A timeless tradition
MEXICO | Saturday, 10 May 2014 | Views [165] | Scholarship Entry
Heat pulses off the walls in waves. Steam thick with the smell of plants, pungent and sharp, snakes into my lungs, burning as it enters. Rosa reaches into the ice water at her feet, pulls out a dripping cloth and lays it on her face. The water coats her skin in soft, glistening beads. The firelight, hazy through the steam, lends a liquid sheen to our surroundings. Our faces turn to masks in the dark.
Our guide’s low chanting penetrates deep into my chest, my heartbeat falling in step with her words. Next to me, Mariah hides under her washcloth. Flushed and sweating, her chest rises in long, measured breaths. The wooden bench is hot under my legs and I peel my flesh away, moving closer to the edge of my seat. There seems to be a band around my chest. My lungs, drowning in the sodden air, struggle to expand. I close my eyes. Time has stopped as the heat claims our skins. Another ladle of water hisses as it hits the rocks in the hearth. We are melting.

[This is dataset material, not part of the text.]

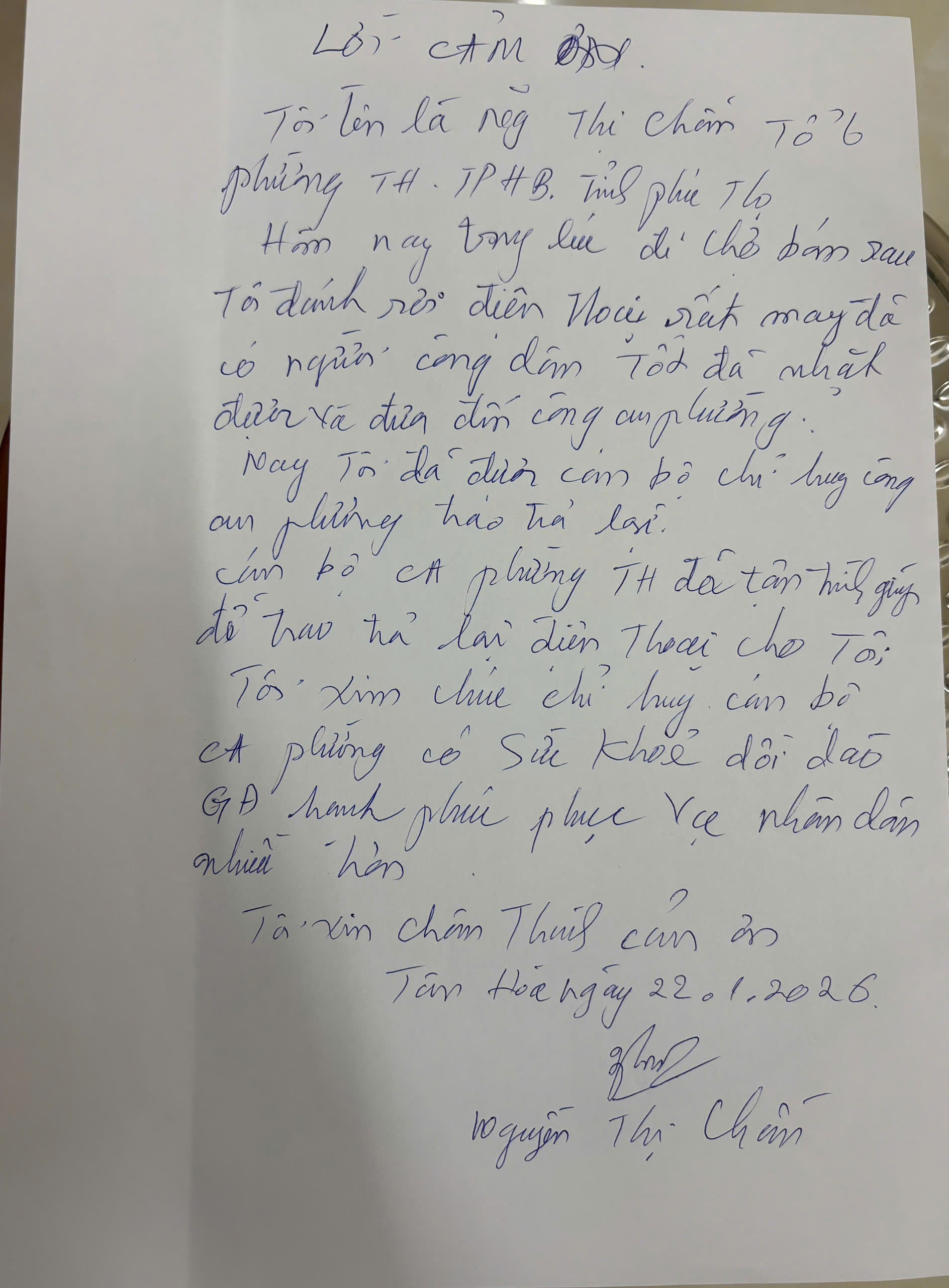 Hình ảnh thư cảm ơn của chủ điện thoại Qua đó, không chỉ thấy rõ hiệu quả của ứng dụng công nghệ số trong thực tiễn công tác, mà còn lan tỏa những giá trị tốt đẹp trong cộng đồng. Hành động trung thực, có trách nhiệm của công dân N.T.Đ. khi nhặt được của rơi và chủ động giao nộp cho cơ quan chức năng là tấm gương “Người tốt, việc tốt” tiêu biểu, rất đáng được biểu dương, góp phần xây dựng nếp sống văn minh, thượng tôn pháp luật trên địa bàn.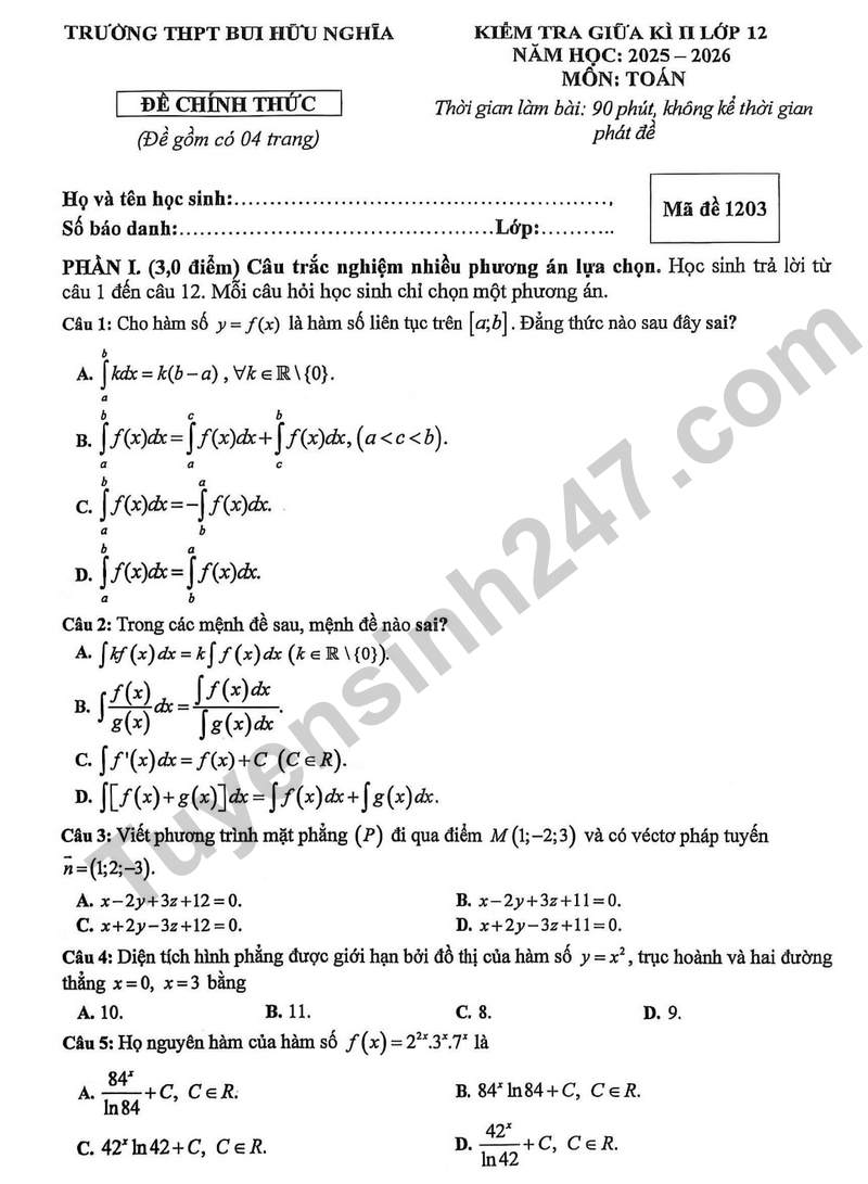 Đề kiểm tra giữa kì 2 Toán 12 năm 2025 – 2026 trường THPT Bùi Hữu Nghĩa gồm 4 trang, cụ thể như sau:

Rosa rises to her feet, clearing the low ceiling by several inches. She tells us to stand, passing out branches of green, oily leaves. From a small basket at her feet, she pulls two white eggs and places them in our hands. In spite of the inferno, they are cool to the touch. We stand, hunched, and beat the branches against our skin. Starting at our feet, we whip them at our legs, hips, bellies, chests. Rosa throws the used branches on the fire, the sharp green smell piercing the wall of steam. We take the eggs, delicate and soft after the branches, and rub them slowly on our bodies. "The leaves get the energy moving in the body, now the egg takes the bad energy out," our guide explains. The smooth, cool shells warm quickly and we hand the eggs back to Rosa.
She resumes her chant and we settle back onto the bench, the wooden plank hot as coals. Rosa’s words penetrate the cleared spaces inside of us, filling the gap with something new, something fresh and clear, untouched by the stories that led us here. We are molting inside this womb of stone and steam.
As finally the chanting ends and the fire dies down, we sit, silent in the rising darkness, the steam fading around us. Rosa pulls aside the heavy cloth draped across the door and we follow her out into the cool, clear night. A breeze licks the sweat of old things from our skin. Freed from the cramped space of the temazcal, our limbs reach outward, exploring these fresh, clean bodies. We make our way lightly on the stones, stepping our way back into life.